Records contained in a dataset
----
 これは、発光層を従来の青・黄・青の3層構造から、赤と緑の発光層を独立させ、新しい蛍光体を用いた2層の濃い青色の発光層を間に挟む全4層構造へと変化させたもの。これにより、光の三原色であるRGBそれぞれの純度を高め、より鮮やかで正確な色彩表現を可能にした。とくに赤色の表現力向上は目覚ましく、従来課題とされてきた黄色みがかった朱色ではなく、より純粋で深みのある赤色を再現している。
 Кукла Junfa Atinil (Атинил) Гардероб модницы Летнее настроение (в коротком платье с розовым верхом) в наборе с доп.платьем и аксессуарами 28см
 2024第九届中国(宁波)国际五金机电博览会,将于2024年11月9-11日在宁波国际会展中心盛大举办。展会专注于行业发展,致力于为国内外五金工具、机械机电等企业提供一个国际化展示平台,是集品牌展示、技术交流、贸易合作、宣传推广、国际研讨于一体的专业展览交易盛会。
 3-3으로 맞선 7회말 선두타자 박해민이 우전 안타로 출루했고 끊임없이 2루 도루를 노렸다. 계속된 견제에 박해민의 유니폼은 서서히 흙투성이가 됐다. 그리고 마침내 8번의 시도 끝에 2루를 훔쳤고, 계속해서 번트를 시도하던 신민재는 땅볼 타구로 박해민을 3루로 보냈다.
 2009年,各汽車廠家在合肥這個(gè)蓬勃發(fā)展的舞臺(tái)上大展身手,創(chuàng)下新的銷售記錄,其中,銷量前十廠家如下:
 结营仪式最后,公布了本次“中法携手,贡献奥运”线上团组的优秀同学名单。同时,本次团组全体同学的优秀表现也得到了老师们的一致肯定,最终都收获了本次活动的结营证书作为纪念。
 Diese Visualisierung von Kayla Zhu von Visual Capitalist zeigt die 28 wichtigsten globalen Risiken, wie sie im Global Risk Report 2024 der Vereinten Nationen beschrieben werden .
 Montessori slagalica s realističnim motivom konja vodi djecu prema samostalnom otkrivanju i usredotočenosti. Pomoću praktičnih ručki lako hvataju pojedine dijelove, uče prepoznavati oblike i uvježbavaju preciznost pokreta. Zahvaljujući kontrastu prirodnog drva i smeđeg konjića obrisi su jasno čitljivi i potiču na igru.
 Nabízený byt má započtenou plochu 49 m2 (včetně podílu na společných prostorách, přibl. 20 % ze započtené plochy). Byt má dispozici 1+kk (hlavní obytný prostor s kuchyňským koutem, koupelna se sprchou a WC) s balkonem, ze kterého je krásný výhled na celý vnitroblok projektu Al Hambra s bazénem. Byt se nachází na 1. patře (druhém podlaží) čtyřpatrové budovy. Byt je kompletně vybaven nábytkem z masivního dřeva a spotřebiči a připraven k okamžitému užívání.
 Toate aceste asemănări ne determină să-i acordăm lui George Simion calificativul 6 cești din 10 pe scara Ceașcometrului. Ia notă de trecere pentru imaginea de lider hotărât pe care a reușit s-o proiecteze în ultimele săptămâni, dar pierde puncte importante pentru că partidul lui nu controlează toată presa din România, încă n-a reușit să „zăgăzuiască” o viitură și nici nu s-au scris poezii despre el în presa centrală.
----
- **Task instructions**: Emit the records above again, exactly, with no line skipped.

- **Solution for this task**:
 これは、発光層を従来の青・黄・青の3層構造から、赤と緑の発光層を独立させ、新しい蛍光体を用いた2層の濃い青色の発光層を間に挟む全4層構造へと変化させたもの。これにより、光の三原色であるRGBそれぞれの純度を高め、より鮮やかで正確な色彩表現を可能にした。とくに赤色の表現力向上は目覚ましく、従来課題とされてきた黄色みがかった朱色ではなく、より純粋で深みのある赤色を再現している。
 Кукла Junfa Atinil (Атинил) Гардероб модницы Летнее настроение (в коротком платье с розовым верхом) в наборе с доп.платьем и аксессуарами 28см
 2024第九届中国(宁波)国际五金机电博览会,将于2024年11月9-11日在宁波国际会展中心盛大举办。展会专注于行业发展,致力于为国内外五金工具、机械机电等企业提供一个国际化展示平台,是集品牌展示、技术交流、贸易合作、宣传推广、国际研讨于一体的专业展览交易盛会。
 3-3으로 맞선 7회말 선두타자 박해민이 우전 안타로 출루했고 끊임없이 2루 도루를 노렸다. 계속된 견제에 박해민의 유니폼은 서서히 흙투성이가 됐다. 그리고 마침내 8번의 시도 끝에 2루를 훔쳤고, 계속해서 번트를 시도하던 신민재는 땅볼 타구로 박해민을 3루로 보냈다.
 2009年,各汽車廠家在合肥這個(gè)蓬勃發(fā)展的舞臺(tái)上大展身手,創(chuàng)下新的銷售記錄,其中,銷量前十廠家如下:
 结营仪式最后,公布了本次“中法携手,贡献奥运”线上团组的优秀同学名单。同时,本次团组全体同学的优秀表现也得到了老师们的一致肯定,最终都收获了本次活动的结营证书作为纪念。
 Diese Visualisierung von Kayla Zhu von Visual Capitalist zeigt die 28 wichtigsten globalen Risiken, wie sie im Global Risk Report 2024 der Vereinten Nationen beschrieben werden .
 Montessori slagalica s realističnim motivom konja vodi djecu prema samostalnom otkrivanju i usredotočenosti. Pomoću praktičnih ručki lako hvataju pojedine dijelove, uče prepoznavati oblike i uvježbavaju preciznost pokreta. Zahvaljujući kontrastu prirodnog drva i smeđeg konjića obrisi su jasno čitljivi i potiču na igru.
 Nabízený byt má započtenou plochu 49 m2 (včetně podílu na společných prostorách, přibl. 20 % ze započtené plochy). Byt má dispozici 1+kk (hlavní obytný prostor s kuchyňským koutem, koupelna se sprchou a WC) s balkonem, ze kterého je krásný výhled na celý vnitroblok projektu Al Hambra s bazénem. Byt se nachází na 1. patře (druhém podlaží) čtyřpatrové budovy. Byt je kompletně vybaven nábytkem z masivního dřeva a spotřebiči a připraven k okamžitému užívání.
 Toate aceste asemănări ne determină să-i acordăm lui George Simion calificativul 6 cești din 10 pe scara Ceașcometrului. Ia notă de trecere pentru imaginea de lider hotărât pe care a reușit s-o proiecteze în ultimele săptămâni, dar pierde puncte importante pentru că partidul lui nu controlează toată presa din România, încă n-a reușit să „zăgăzuiască” o viitură și nici nu s-au scris poezii despre el în presa centrală.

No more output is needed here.